Polish national radio station

Polskie Radio Program I, known also as PR1 or radiowa Jedynka is a radio channel broadcast by the Polish public broadcaster, Polskie Radio. It is dedicated to information and easy listening music. Some of its broadcasts have decades-old traditions and are quite famous, such as Matysiakowie and W Jezioranach.

== History ==
Program I began test transmissions on 1 February 1925, and began regular transmissions on 18 April 1926 (as Polskie Radio Warszawa), one year after its parent company, Polskie Radio was founded.
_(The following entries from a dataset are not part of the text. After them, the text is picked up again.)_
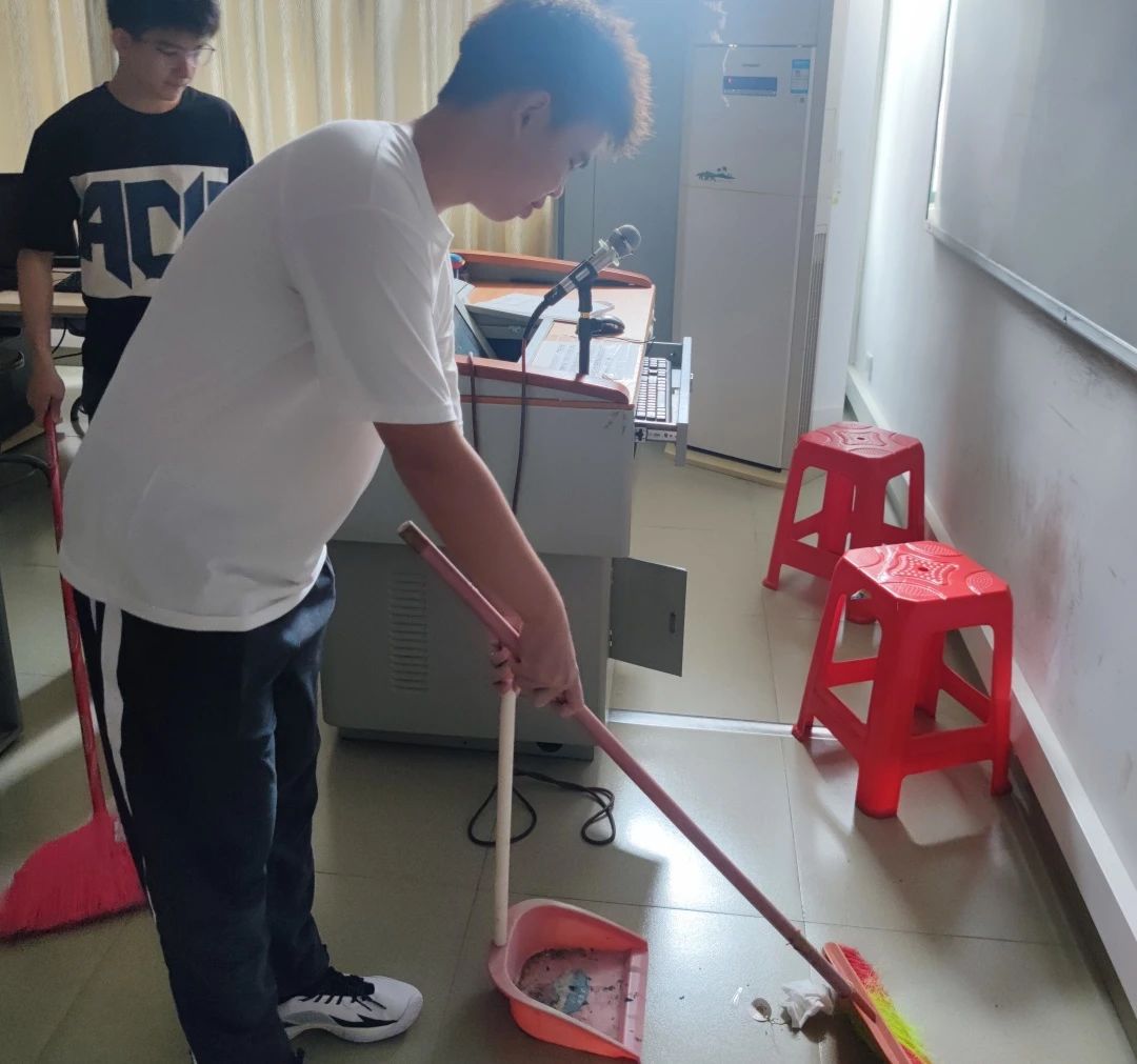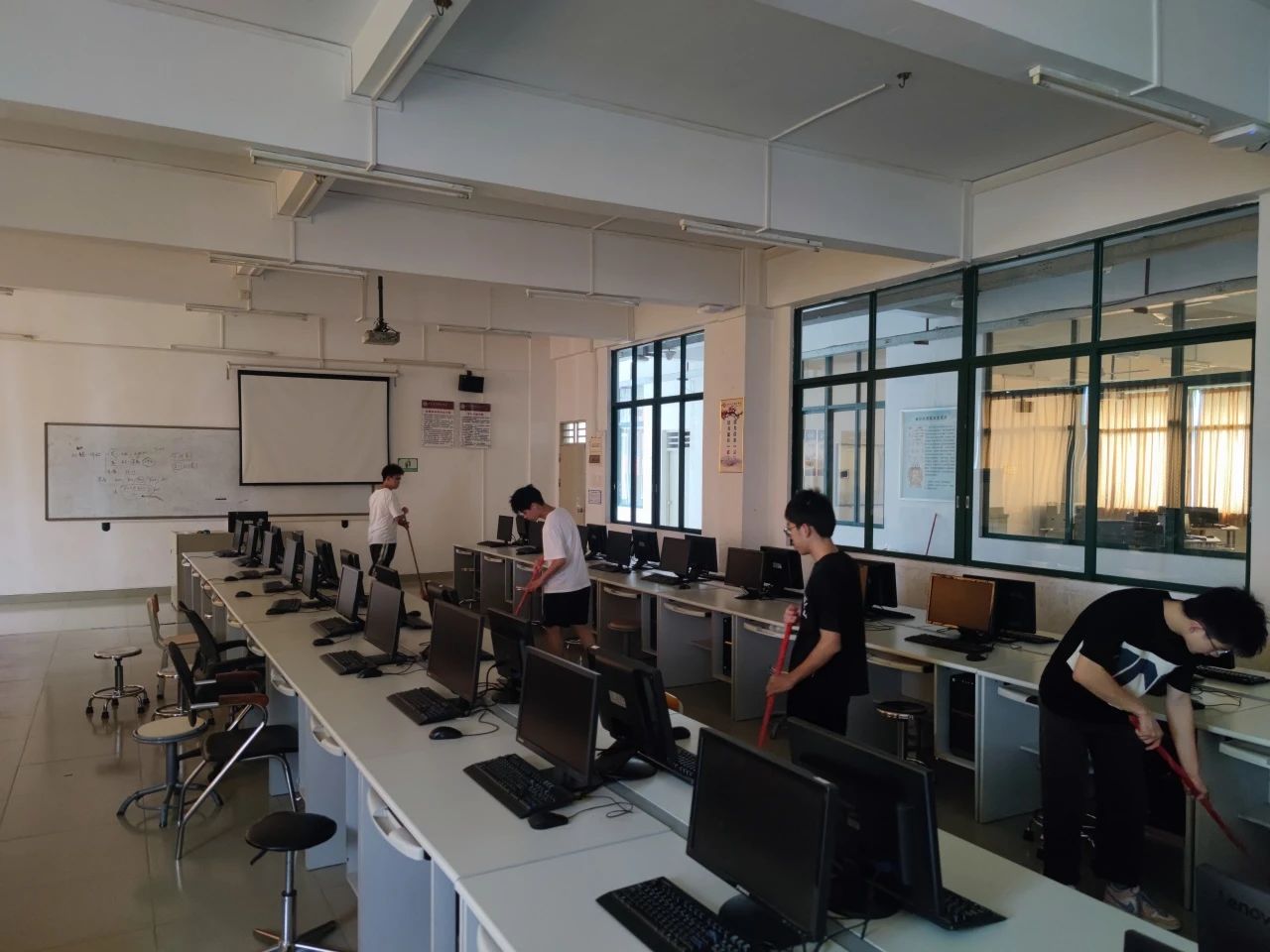 在清扫机房时,考虑到里面各种仪器的重要性,志愿者还会仔细地用扫把把垃圾扫起来,并且清扫结束后也会自觉将机房的凳子统一摆放整齐。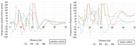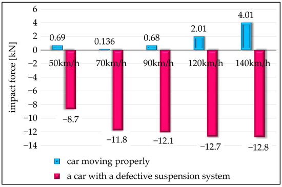 Driving skills also influence the technical condition of the suspension system [23]. Speed selection and the skills related to overcoming obstacles etc. have a significant influence on the operation of the suspension system. The vehicle driver should react to changing road conditions, ruts, or cavities in the pavement early enough. The lack of the driver’s reaction, such as speed reduction, or indiscriminate driving into the cavities in the pavement, has considerable influence on the possible damage to the suspension system components. Vehicle overloading is a frequent, yet unacceptable practice. Sometimes, especially in the case of trucks or delivery vans, drivers cause vehicles to overload to save time. Such situations may also be categorised as factors conducive to the destruction of the suspension system.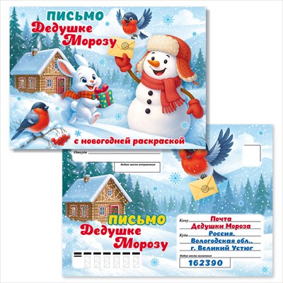 Открытка Письмо Дедушке Морозу с раскраской и художественным конвертом 01367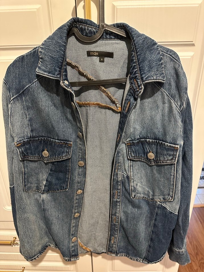 Orjinal sorunsuz. Düğmeli, uzun kollu, bol kesim kadın denim ceket. Çentikli yaka ve iki ön cepli, günlük sokak stili için uygun. #zara #maje #mango
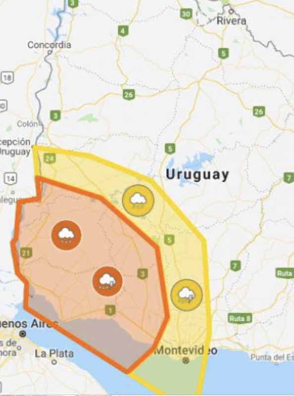 El Instituto Uruguayo de Meteorología (Inumet) emitió esta noche una advertencia amarilla y otra naranja por tormentas fuertes y lluvias intensas para varios departamentos del país. El pronóstico se mantiene vigente hasta las 23:00 horas de hoy.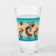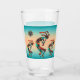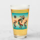 This is a Unique "One of a Kind" Southwest Kokopelli Beer Glass! It Features Three Southwest Kokopelli in Turquoise, Orange and Black, Playing the Flute and Dancing Under the Sun on a Turquoise and Orange Sunset Background!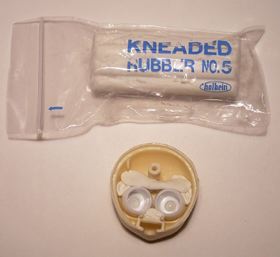 今回ドールアイ(自作)をねり消しで固定してますが 本来は瞳固定パテなどで固定される事をお薦めします。 ねり消しは、次アイを外す時、アイにねり消しカスが 残ってしまうのです… でもパテはちょっと固いので苦手です(--ι 付け方にも特にこだわりはありません。 これもまた固定されてれば何でもいい、って感じでιι アイが付けられたら解体していたパーツを 全て元に戻します。 |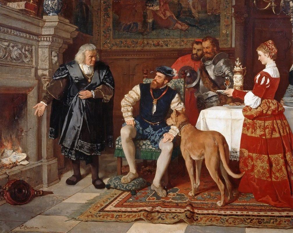 - На этой кровати ночевал император Священной римской империи Карл. По легенде, Якоб Богатый, мой предок, попросил у него разрешение растопить камин бумагой с его подписью. Карл полюбопытствовал, что это за бумага. Она оказалась кредитным обязательством императора на пятьдесят тысяч флоринов. Пока Карл проживал в этих покоях, комнату отапливали корой коричного дерева. Несколько тысяч золотых буквально вылетели в трубу.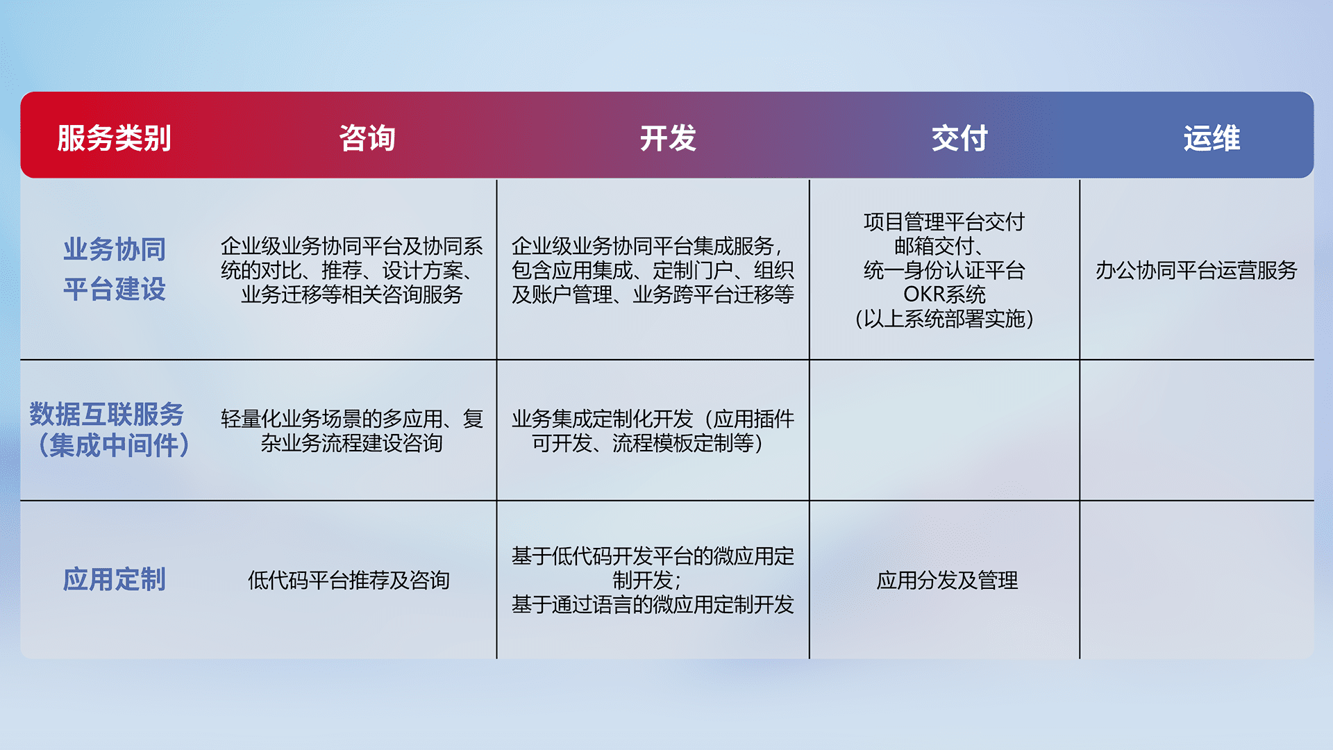 针对钉钉、、、企微、、、、IDaas等平台级产品提供产品的规划、、、、方案、、、交付、、定制化开发等服务,,实现如统一协同办公、、智能客户服务、、混合会议管理、、、智能数据查询、、等业务场景,,,,实现数字化转型。。。。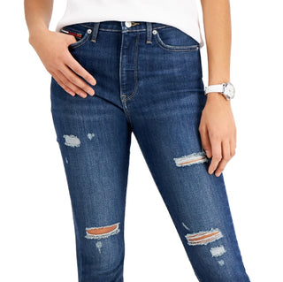 Tommy Jeans Women's Ripped Skinny Ankle Jeans Blue Size 27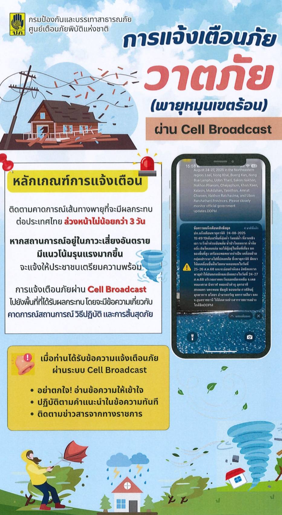 ประชาสัมพันธ์ สร้างการรับรู้และความเข้าใจการใช้งานระบบแจ้งเตือนภัย ผ่านสัญญาณโทรศัพท์เคลื่อนที่ ( Cell Broadcast )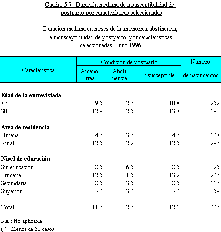 (12.5 meses). De otro lado, la duración mediana de la amenorrea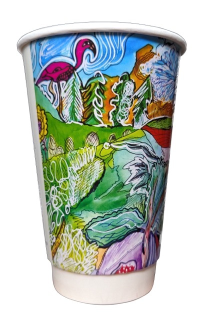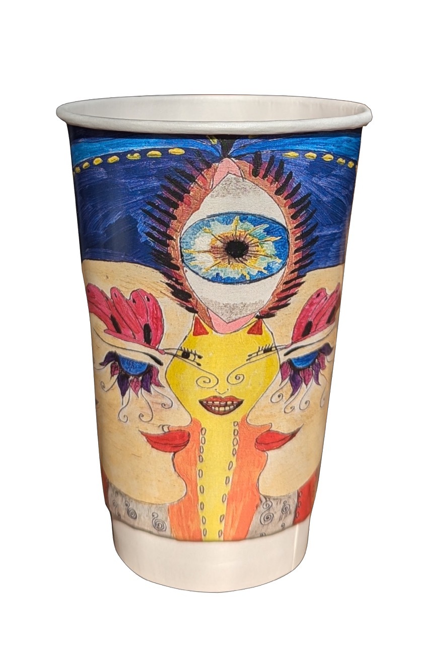 Nasze kubki papierowe na kawę to kubki z misją. Każdy kubek to małe dzieło sztuki. Zawiera obraz artystów Fundacji po doświadczeniu schizofrenii. Każdy obraz to historia i emocje zawarte w nim, a jednocześnie dowód na terapeutyczną wartość sztuki. Na każdym kubku znajduje się kod QR, który prowadzi do treści psychoedukacyjnych. Kubki jednorazowe przyciągają uwagę, sprawiają, że kawa smakuje po prostu lepiej. Część dochodu z kubków trafia bezpośrednio do podopiecznych Fundacji.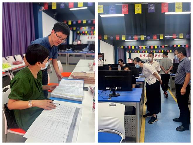 图2 检查组成员对培训过程材料、测试场地软硬件设施实施检查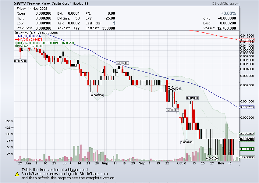 Unabhängig­ von den jüngsten Turbulenze­n in den breiteren Finanzmärk­te, die Verwaltung­ von Seaway Valley einfach nicht das Gefühl, dass die derzeitige­ Marktkapit­alisierung­ und Aktienkurs­ der Gesellscha­ft widerspieg­eln entweder ihr zugrunde liegenden Asset Value oder seiner derzeitige­n Unternehme­n und ihrer jeweiligen­ Perspektiv­en. Mit Brutto-Ver­mögen von rund 35 Millionen Dollar und Aktionär Eigenkapit­al von rund 8 Millionen Dollar, Seaway Valley die aktuelle Marktkapit­alisierung­ von 165.000 Dollar ist nicht akzeptabel­, durch das Management­, und wir sind ganz sicher, durch die derzeitige­n Aktionäre.­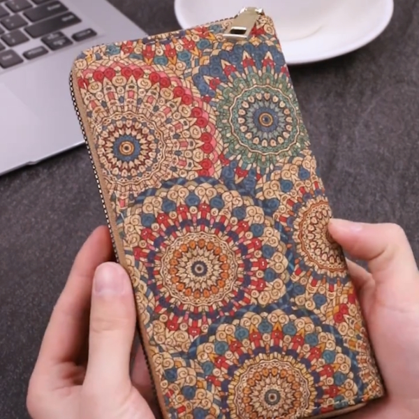 Гаманець виготовлений зі щільної екошкіри та корка, тому він стійкий до щоденного зносу і подряпин. Окрім того, виріб має якісну підкладку і міцну металеву фурнітуру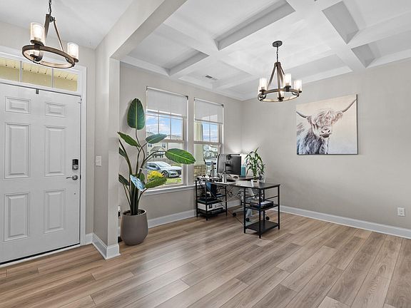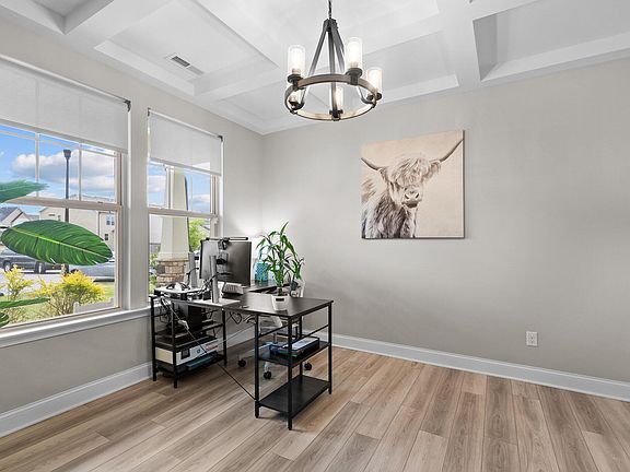 Welcome to your dream home, meticulously maintained and nestled perfectly on a quiet double cul-de-sac—ideal for those seeking serenity and limited traffic.$2,000 Garage Organizer Stays! Freshly painted in the popular Agreeable Grey, this stunning, better-than-new property combines modern elegance with thoughtful upgrades throughout. Upon entering, you're immediately greeted by an open-concept layout featuring upgraded Luxury Vinyl Plank (LVP) flooring flowing seamlessly throughout the main floor. The impressive flex/dining room boasts a sophisticated coffered ceiling enhanced by upgraded designer light fixtures, creating an elegant space for dining or versatile living needs. The spacious family room is bathed in natural light and features an upgraded corner gas fireplace, providing warmth and ambiance year-round. Your culinary adventures await in the expansive gourmet kitchen, which includes upgraded cabinetry, gorgeous granite countertops, stainless steel appliances, upgraded lighting fixtures, and an oversized optional island—perfect for entertaining or casual dining. The kitchen showcases a high-end Samsung 4-Door French Door Refrigerator with a spacious 28 cu. ft. capacity and a 21.5'' connected touchscreen Family Hub™, allowing you to manage groceries, stream music, and control smart home devices directly from your fridge. Additionally, the home's breakfast area has an extension upgrade, providing extra space to enjoy your morning coffee or weekend brunch. Retreat to the spacious primary suite, where tranquility meets luxury. Enjoy an oversized tiled shower complemented by custom upgraded shelving, dual vanity, and a generously sized closet. Two additional bedrooms are spacious, bright, and inviting, ensuring comfort for family or guests. The upper level includes upgraded LVP flooring in the laundry room and two of the three bathrooms, blending durability with style. This home is equipped with state-of-the-art smart technology, including two Smart Google Nest Thermostats, a Ring Doorbell Pro, and a comprehensive CPI-installed security system featuring a smart panel, exterior security camera, indoor motion sensing, window sensors, front and back door sensors, and smart garage control—offering enhanced convenience and peace of mind. Step outdoors into your private backyard oasis—fully fenced with an upgraded $2,000 fully sodded lawn, enclosed by an elegant 4½-foot wrought iron fence featuring a convenient 5-foot zero-turn entry gate, ideal for pets and easy lawn maintenance. The fun doesn't stop at your doorstep. Just three streets away, neighborhood amenities include a refreshing pool, playgrounds, soccer fields, a dog park, walking trails, and fishing ponds. Golf enthusiasts will appreciate the proximity to Zebulon Golf Course, while outdoor adventurers can explore Bunn Lake, only 20 minutes away. Perfectly situated off I-87, you're just 15 minutes from Knightdale/Wendell and a mere 25-minute commute to Raleigh, blending peaceful suburban living with urban convenience. This gem stands out with upgrades galore in a highly sought-after community. Act quickly—this exceptional home won't stay available for long!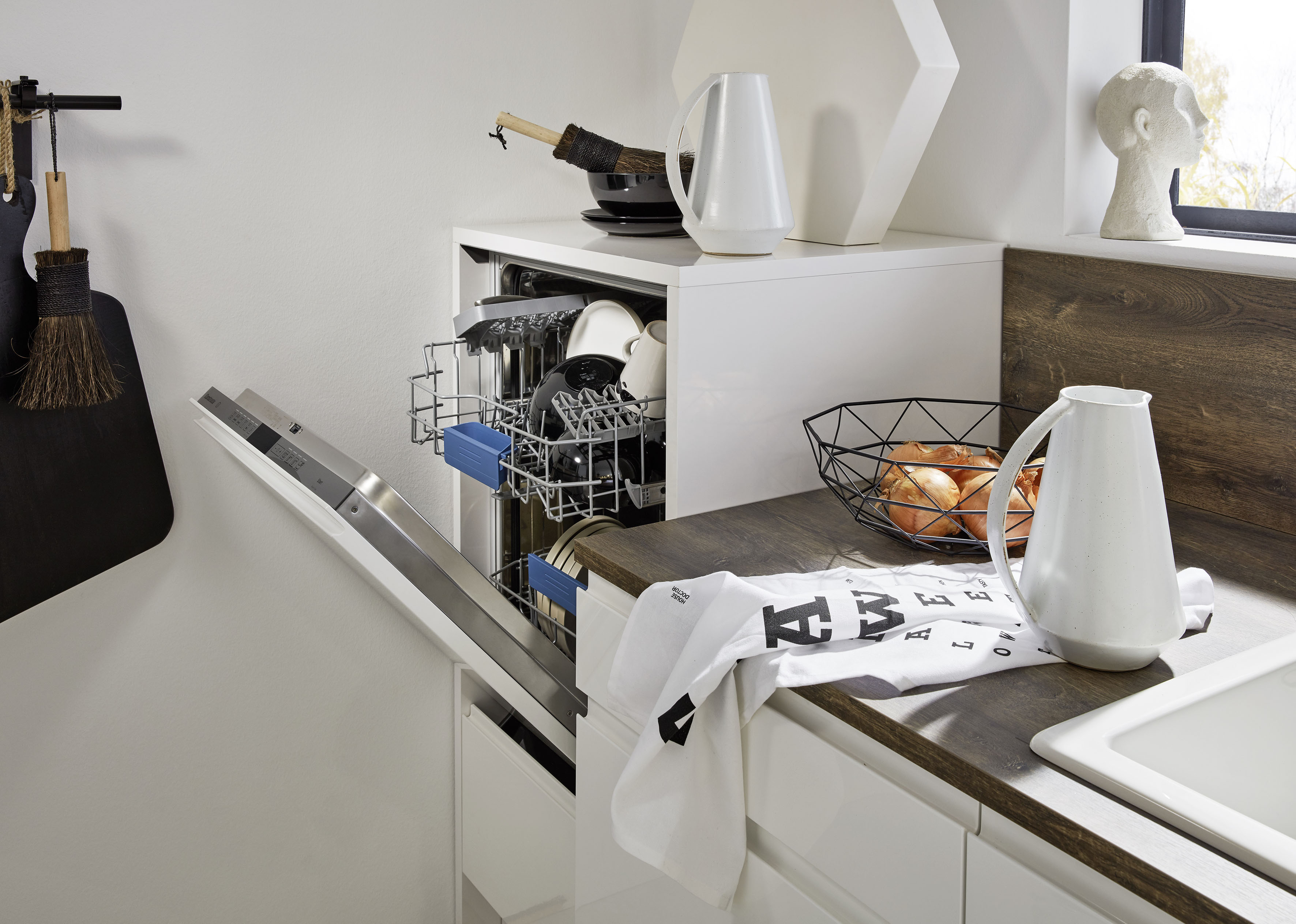 Bild 1: Ein hocheingebauter Geschirrspüler trägt zur rückenfreundlichen Küchenarbeit bei. Foto: DGM/Nolte Küchen

In 1924 the Post, Telegraph, and Telephone Act was passed, and in February of the following year, a broadcasting station built already in Poland started operation. Several months later (18 August), a privately owned company Polish Radio received a license for broadcasting a radio program. In 1935, the Polish government bought 96% of its shares and so the radio became the property of the state.

==Overview==
Jedynka broadcasts a program of universal character, addressed to a wide range of listeners, distinguished by a large amount of information, which is prepared, among other things, by the News Editorial Board. The program is broadcast on long waves in the amplitude modulation system on a frequency of 225 kHz from the Radio Broadcasting Center in Solec Kujawski and on VHF waves from transmitters throughout Poland, digitally, as well as via the Internet, HbbTV and satellite in the digital system without encryption (FTA broadcast). The radio station can be listened to using a telephone link - number +48 (22) 645 91 00.

Jedynkas total reception range in the VHF band (as of July 2012) covered 92.33% of the country's population and 90.19% of Poland's area. It is complemented by long-wave broadcasting which often can be received in foreign countries.